Picture: SUPPLIED
Picture: SUPPLIED

The last vote for the Steinhoff settlement that aims to end most litigation against it and save it from bankruptcy has garnered sufficient approval, with all four votes in favour of the settlement having now been passed. 

Steinhoff’s former largest shareholder, Christo Wiese, was among those voting on Friday afternoon.

Steinhoff, which almost collapsed in SA’s biggest accounting fraud, faced more than 100 legal claims worth more than R130bn from shareholders who said they were duped into buying a worthless stock through misleading information. The company’s value plunged by about R200bn after the fraud was exposed in December 2017. 

Facing bankruptcy from the sheer volume of claims, Steinhoff offered a settlement of €1.42bn (about R24bn) in August, up from the initial €943m offer in July 2020, hoping to end the court action. Those who voted in favour of the settlement payout have to withdraw all legal claims against the company.

The settlement, which was years in the making, has received enough approval from all claimants who lost money in the collapse. The settlement offer must still go before the SA and Dutch courts for approval. It could, theoretically, face challenges in both courts by unhappy parties.

The claimants in the Netherlands were represented by 15 individuals termed a “committee of representation” and all voted to support the settlement on Wednesday.

More than the required 75% of the three SA groups voted in favour of the settlement. 

These are contractual claimants such as former chair Christo Wiese, who sold his company in exchange for Steinhoff shares; financial claimants such as banks; and market purchase claimants, which represent institutional investors and ordinary shareholders.

The threat of liquidation has not disappeared, however, with former owners of shoe retailer Tekkie Town, Bernard Mostert and Braam van Huysteen, who sold their chain for shares worth R1.8bn that lost most of their value months later, want Steinhoff liquidated. If the court rules in their favour, it would derail the settlement.

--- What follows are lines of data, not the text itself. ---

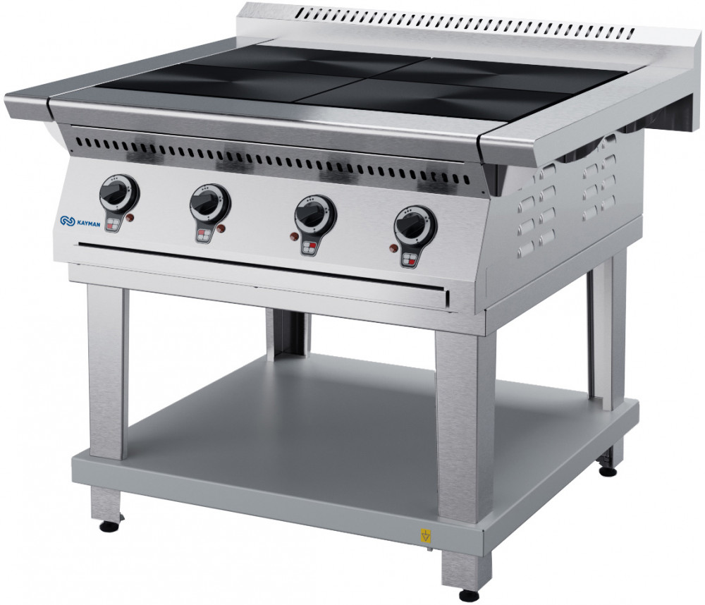 Электрическая плита KAYMAN ПЭ-4-11-МХ используется на предприятиях общественного питания, торговли и пищевых производствах для приготовления блюд в наплитной посуде. Терморегуляторы на передней панели, ножки регулируются по высоте. Материал плиты - нержавеющая сталь.
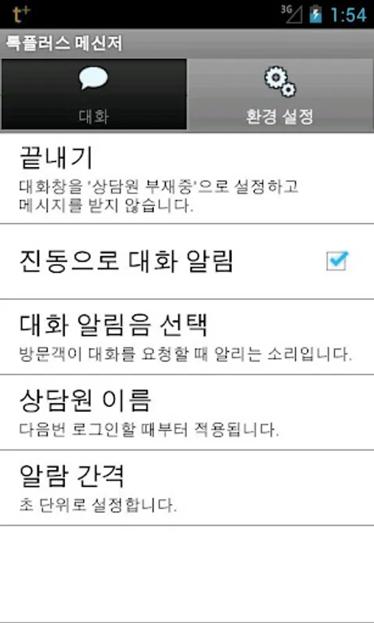 * "대화" 탭에서 대화상대를 선택하실 수 있습니다.
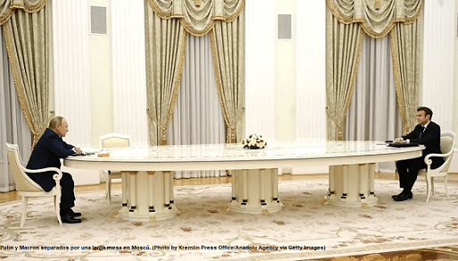 Una sala blanca sin ningún color cálido, un saludo a distancia y una mesa de varios metros que separaba a Putin y a Macron, un reflejo visible de la distancia que había entre las posturas de los dos. Curiosamente la extensión de la mesa era para evitar contagios covid, pero es notorio que Putin jamás se pone la mascarilla, por lo que no puede ser interpretado como un gesto más.
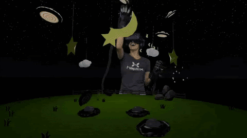 We had this demo where you got this virtual farm and a little fox jumps onto your hand, a little diorama, you can grab the moon from the sky, and at the end, aliens invade and you have to defend the farm. They try to abduct your little fox, your tractor and defend your farm. It’s called the “Farm Defense”. This demo we wind up using for years. This is kind of what it looked like.
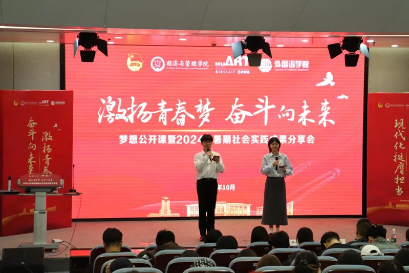 10月11日下午,经济与管理学院、艺术学院、必赢国际437官网联合举办的“激扬青春梦,奋斗向未来”梦想公开课暨2024年暑期社会实践成果分享会在我校天目湖校区巡天楼一楼报告厅成功举办。经济与管理学院党委委员、管工系教师罗正军,艺术学院党委副书记卢一亭,必赢国际437官网党委副书记吴科颖,各学院的团委书记、辅导员老师们以及2024级本科生出席了此次活动。

The Cape Town high court ruled earlier this week that the case can go ahead, a decision that Steinhoff is now appealing. Steinhoff maintains an SA court cannot liquidate it as it is registered in the Netherlands. 

A decision on whether their case will be postponed at Steinhoff's request is expected later on Friday afternoon.

Steinhoff’s shares were up 8.55% to R3.30 by 4.15pm, giving it a market cap of R14.1bn.